Hi everyone... i ran into a snag. i was trying to use paypal but it wont integrate into my site because its not created that way for canada yet...

so im looking for a payment gateway that works on a fully custom shop and wont take customers off my site. also it would need to take a %of sales only. no start up fee or monthly fees

thank you in advanced

PS

keep an eye open under site designs as i will be putting up our site to get feed back 

cheers


----------



## Rodney (Nov 3, 2004)

I don't know of any true payment gateway that doesn't charge monthly fees that will integrate easily with a site.
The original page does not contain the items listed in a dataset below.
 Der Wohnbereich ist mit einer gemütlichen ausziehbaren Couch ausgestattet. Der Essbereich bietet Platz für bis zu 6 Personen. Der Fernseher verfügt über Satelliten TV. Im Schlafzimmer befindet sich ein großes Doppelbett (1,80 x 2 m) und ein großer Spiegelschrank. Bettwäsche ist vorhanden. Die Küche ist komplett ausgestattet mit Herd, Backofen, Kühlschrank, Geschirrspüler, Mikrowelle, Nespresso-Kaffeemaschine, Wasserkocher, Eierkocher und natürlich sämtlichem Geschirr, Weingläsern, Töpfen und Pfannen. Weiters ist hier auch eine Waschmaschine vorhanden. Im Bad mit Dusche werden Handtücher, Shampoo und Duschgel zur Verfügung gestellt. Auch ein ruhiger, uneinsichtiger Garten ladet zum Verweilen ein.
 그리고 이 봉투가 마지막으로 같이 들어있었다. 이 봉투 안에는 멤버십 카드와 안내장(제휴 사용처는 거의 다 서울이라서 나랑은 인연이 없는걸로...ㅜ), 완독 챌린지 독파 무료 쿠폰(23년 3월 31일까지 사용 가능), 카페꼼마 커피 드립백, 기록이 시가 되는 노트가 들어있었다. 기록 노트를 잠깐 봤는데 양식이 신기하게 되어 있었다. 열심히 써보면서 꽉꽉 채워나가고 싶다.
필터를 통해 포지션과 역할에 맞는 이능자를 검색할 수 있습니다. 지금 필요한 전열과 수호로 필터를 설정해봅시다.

You could try CCNOW.com or 2CHECKOUT.com. But they have pretty high fees.


----------



## withindustries (Aug 2, 2007)

is there a gateway that charges SMALL monthly fees?

like $50 would b concidered a large fee to us...lol


----------



## Rodney (Nov 3, 2004)

withindustries said:


> is there a gateway that charges SMALL monthly fees?
> 
> like $50 would b concidered a large fee to us...lol


Unfortunately, gateway fees are a cost of doing business if you want to accept credit cards online as "your own" business.
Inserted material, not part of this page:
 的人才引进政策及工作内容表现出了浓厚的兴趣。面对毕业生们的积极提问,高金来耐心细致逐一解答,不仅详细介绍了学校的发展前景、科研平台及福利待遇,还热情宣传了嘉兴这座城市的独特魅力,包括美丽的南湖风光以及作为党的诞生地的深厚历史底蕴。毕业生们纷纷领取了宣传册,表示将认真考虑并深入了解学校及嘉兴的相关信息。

I use e-onlinedata with the authorizenet gateway, and I recommend going with the authorizenet gateway because itworks with most carts, but there are a lot of merchant account providers that offer that gateway other than e-onlinedata.

Studies show that your business sales increases when you can accept credit cards, so for me, the monthly fees for a merchant account has always paid off.

When you're first starting, it can be slow to have to pay the monthly fees when you sell 0 per month or only 1-2 pieces per month, but once business picks up, it's all worth it.


----------



## pshawny (Feb 27, 2008)

You could also look into getting an account with ProPay. It's only about $35 a year, plus a small percent of each sale. ProPay: Accept Credit Cards - Simple, Safe, & Affordable

As long as your site has SSL encryption and the shopping cart allows manual credit card processing.

Then you just have to enter the credit card info into ProPay & the funds get transferred to your account.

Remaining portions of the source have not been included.